Of course, it’s hard to truly move the culture of documentary filmmaking when everyone already knows what happened. A participant in the film at one point remarks, “In America, we love the wealthy and we hate the wealthy. They disgust and they fascinate us.” This point rings true, which is why it made the admissions scandal such an easy target. There’s nothing more satisfying than banding together to dunk on obscenely out-of-touch white elites living in the hills, pushing their privilege even further into criminality. The problem, when it comes to Varsity Blues, is our perverse fascination led us to pick over the case so thoroughly that there’s only so much left to add.
This becomes especially true when the people involved are just as awful as you’d assume. From CEOs to out-of-touch actors, Beverly Hills self-help gurus, and Instagram Influencer teens, these people don’t bring any surprises for a single moment in the film. Smith decides to tell a lot of the story through re-enactments of real wiretapped phone conversations, which is fine but gives the audience the feeling that he really wanted to make this as a feature film, and turns the main players into shitty characters who don’t have any depth outside of being the exact people you thought they’d be.
A lot of the “new” information here comes in the form of Rick Singer, the “College Admissions Expert” who masterminded the whole scheme and made millions in the process. Played by Matthew Modine for whatever reason, Singer is the most previously unknown entity involved in the process, a behind-the-scenes figure who came from a modest background and managed to convince the elite of elites to let him into their circle, so it makes sense the film focuses their efforts on him. Only problem? He's not that interesting, either. Again, this isn’t really the fault of the film, but Singer turns out to be just another person whose entire life centers around making as much money as quickly as possible, with zero care for anyone or anything outside of that. He’s a good villain, but one without much depth.
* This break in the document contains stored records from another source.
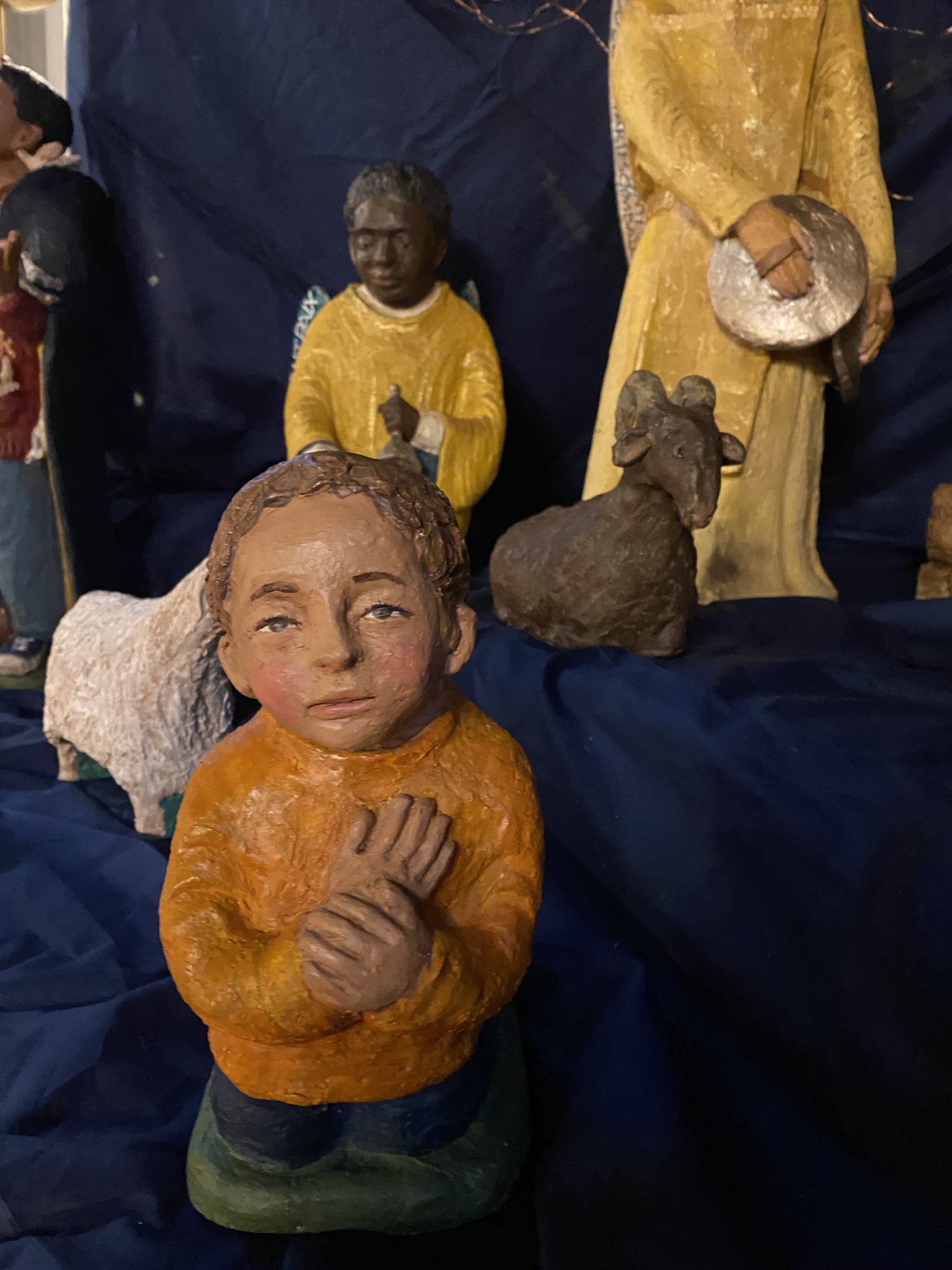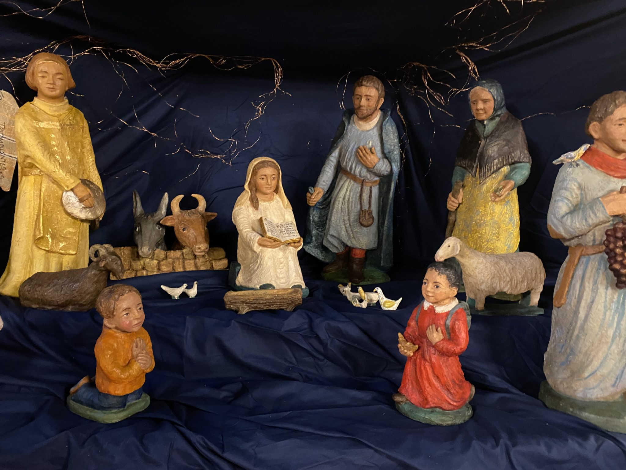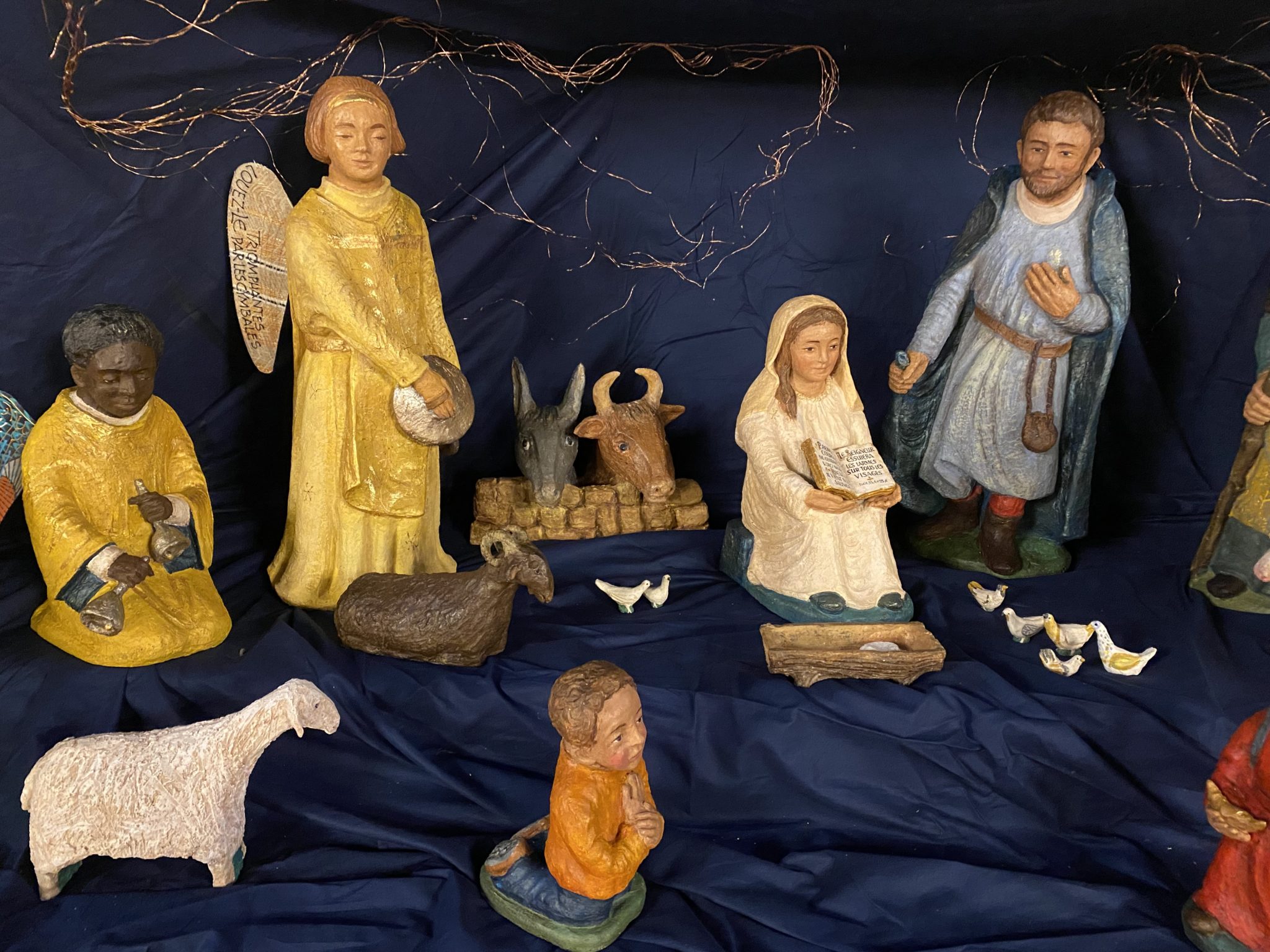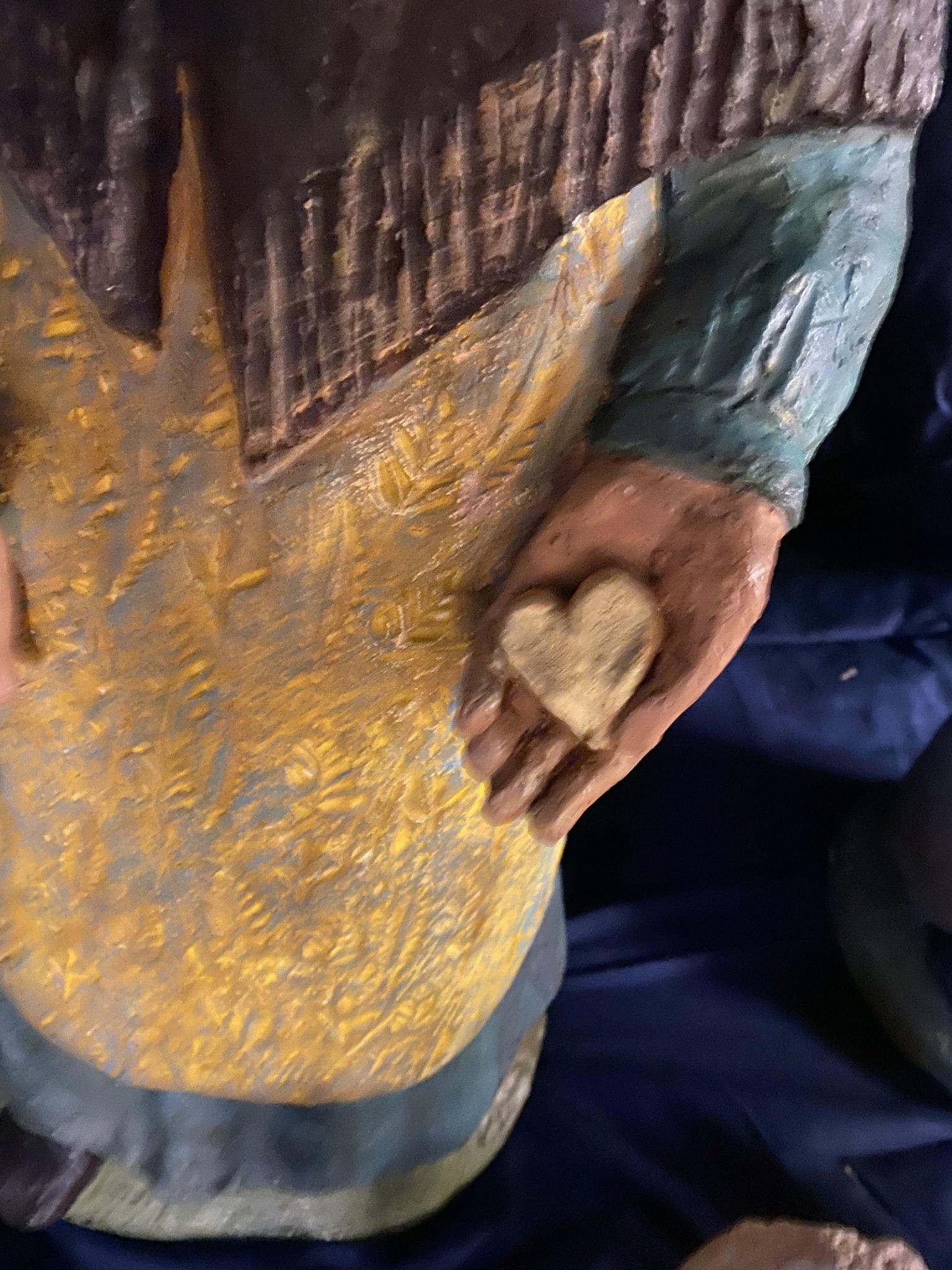Elle dessine dans la terre avec ses doigts l’ébauche de sa composition, les personnages se précisent peu à peu. La couleur donne son harmonie à l’ensemble. La patine apporte une finition chaleureuse.
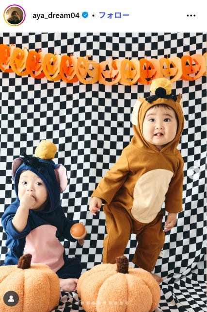 Dream Aya、子どもの「トムとジェリー」ハロウィンショット公開「やんちゃ天使」「お母さんに似てきた」と反響
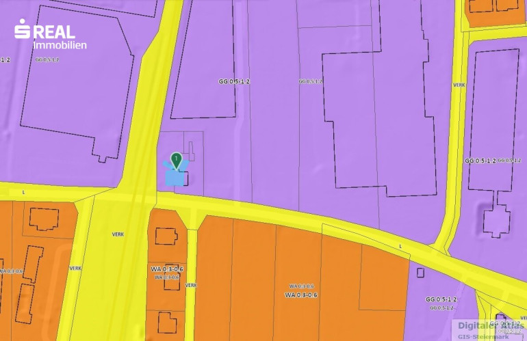 Die Liegenschaft befindet sich in einer als GG 0,5–1,2 gewidmeten Gewerbezone. Sowohl eine Bestandsanierung als auch eine strategische Neuentwicklung sind im Rahmen der widmungsrechtlichen Vorgaben grundsätzlich denkbar.
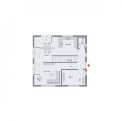Auf den ersten Blick kaum erkennbar, punktet unser Design 10 K mit einem ganz besonderen Plus: Es verfügt über einen voll ausgebauten und beheizten Keller, der nicht nur Stauraum, sondern auch die Möglichkeit zur Einrichtung beispielsweise eines Büros bietet. Zudem befindet sich hier ein großer Hauswirtschaftsraum. Gemütlich und zugleich großzügig präsentiert sich unterdessen das Erdgeschoss. Diele und Wohn-Ess-Küche verschmelzen zu einer Einheit und vermitteln ein Gefühl von Weite, das die großen Fensterfronten noch zusätzlich unterstreichen. Die in der Mitte der Etage platzierte Treppe fungiert als Raumteiler und zugleich optisches Highlight. Ebenfalls Parterre befinden sich ein Büro/Gästezimmer sowie ein Gäste-WC. Im Obergeschoss entsteht durch die Dachschrägen ein Gefühl von Behaglichkeit. Hier stehen zwei großzügig geschnittene Kinderzimmer, ein Elternschlafzimmer mit direkt angeschlossenem Ankleidebereich sowie ein großes Wohlfühlbad mit Wanne, Dusche und WC zur Verfügung.
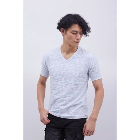 日本の技術が息づく、ボーダータックジャカードの涼やかでスタイリッシュなVネック半袖カットソー。
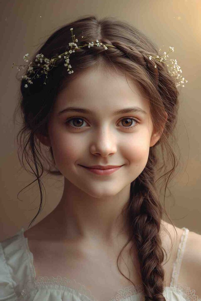 A braided crown wraps around your head, creating a soft, whimsical look—great for fairies, goddesses, or haunted brides.

Luckily, Operation Varsity Blues pokes and prods and finally finds the part of the story that’s easily the most interesting, and one that I didn’t expect them to find. The film devotes a surprising amount of time to how a scandal like this could come to be in the first place, and it’s here that it really finds its depth and point of view.
From the inherent bias that comes with standardized testing to the scam that is school rankings and how it drives out worthy students in favor of the families that can pay the most to keep the endowment high, Operation Varsity Blues is at its best when it’s exposing just how much colleges want things like this to happen. And if CEOs and celebrities are willing to risk jail time to get their kids into the perfect school, well, then it must be worth it, right? Operation Varsity Blues is focused on a scandal, but it’s often the less interesting one.